** SUPPLIED INFORMATION follows **

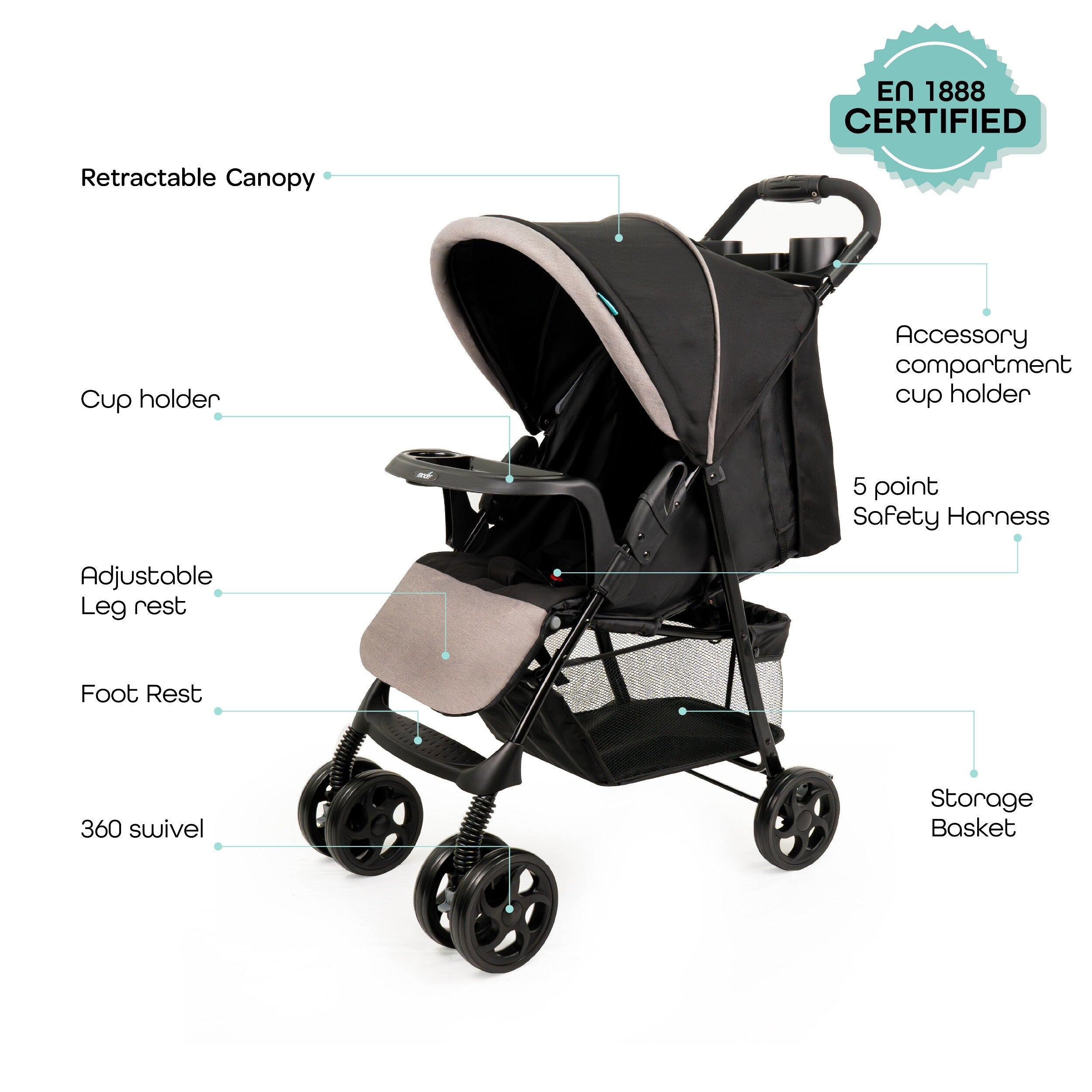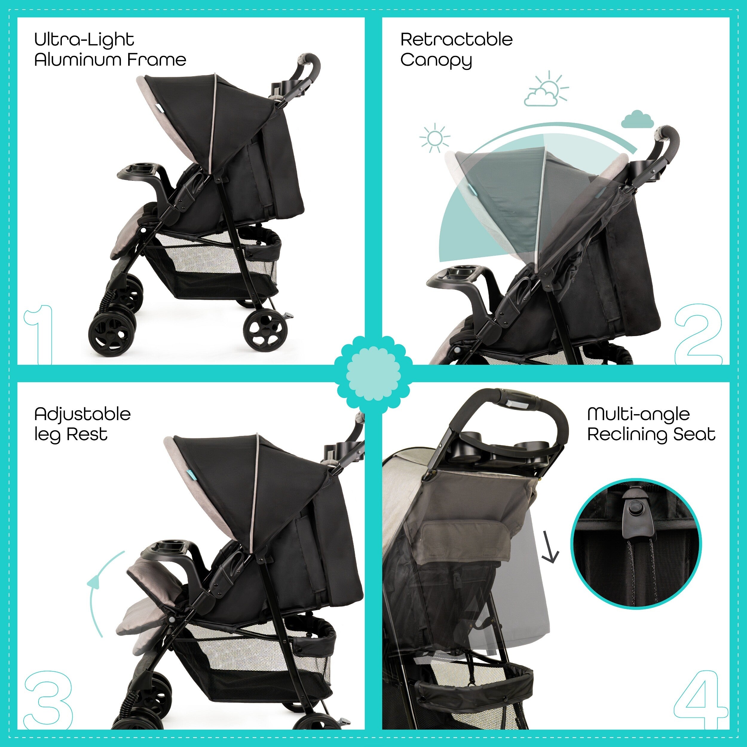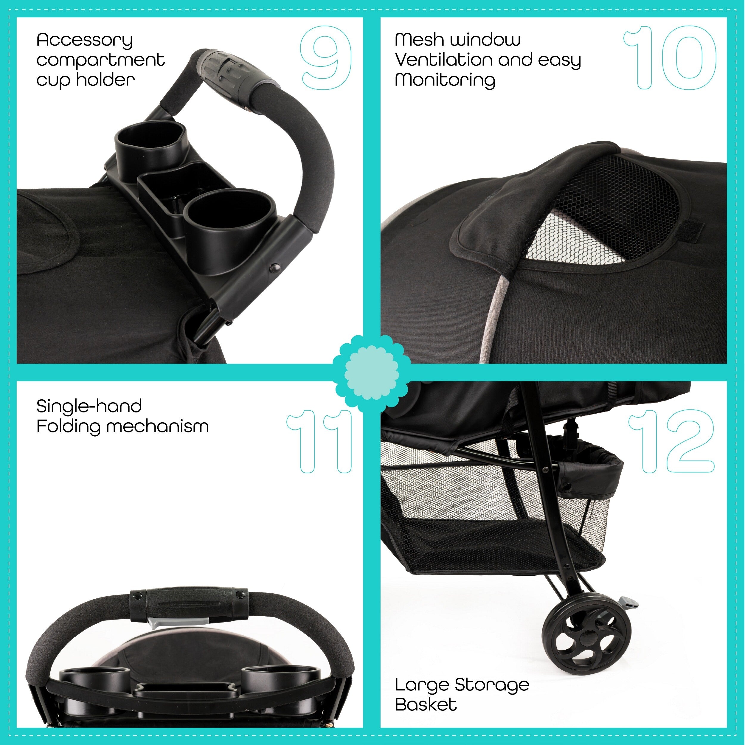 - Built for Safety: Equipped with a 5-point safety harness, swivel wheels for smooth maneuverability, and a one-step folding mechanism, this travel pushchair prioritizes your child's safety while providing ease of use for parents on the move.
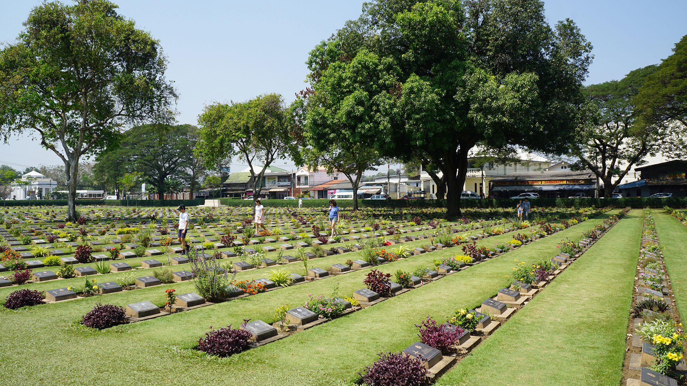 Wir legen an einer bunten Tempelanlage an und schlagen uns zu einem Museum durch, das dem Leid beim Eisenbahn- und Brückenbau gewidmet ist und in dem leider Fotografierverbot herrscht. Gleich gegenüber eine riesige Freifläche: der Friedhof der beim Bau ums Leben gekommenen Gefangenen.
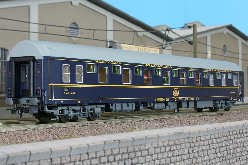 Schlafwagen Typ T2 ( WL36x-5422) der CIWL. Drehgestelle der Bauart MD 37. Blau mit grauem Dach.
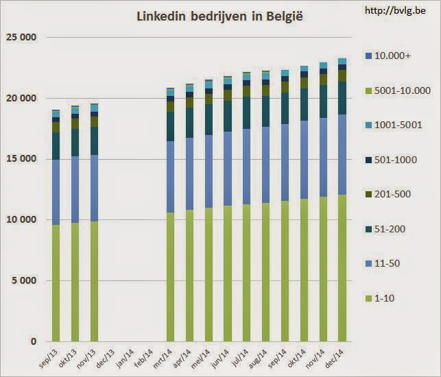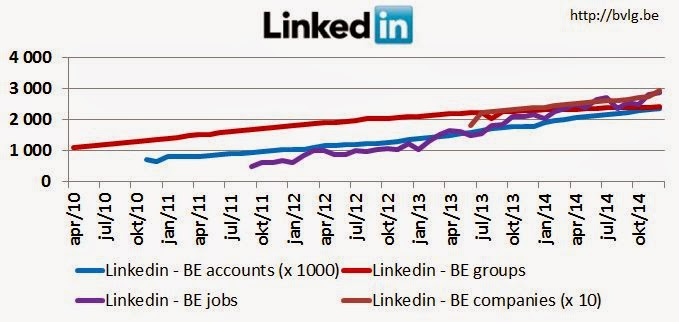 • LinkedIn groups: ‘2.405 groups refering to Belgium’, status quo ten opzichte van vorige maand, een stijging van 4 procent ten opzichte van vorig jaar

** End of SUPPLIED INFORMATION **

* [PROBLEM DESCRIPTION]:
Take the lines from the one containing "Schlafwagen Typ T2" through the last line of the listing and repeat them exactly. Omit the pictures.

* [FINAL ANSWER]:
 Schlafwagen Typ T2 ( WL36x-5422) der CIWL. Drehgestelle der Bauart MD 37. Blau mit grauem Dach.
 • LinkedIn groups: ‘2.405 groups refering to Belgium’, status quo ten opzichte van vorige maand, een stijging van 4 procent ten opzichte van vorig jaar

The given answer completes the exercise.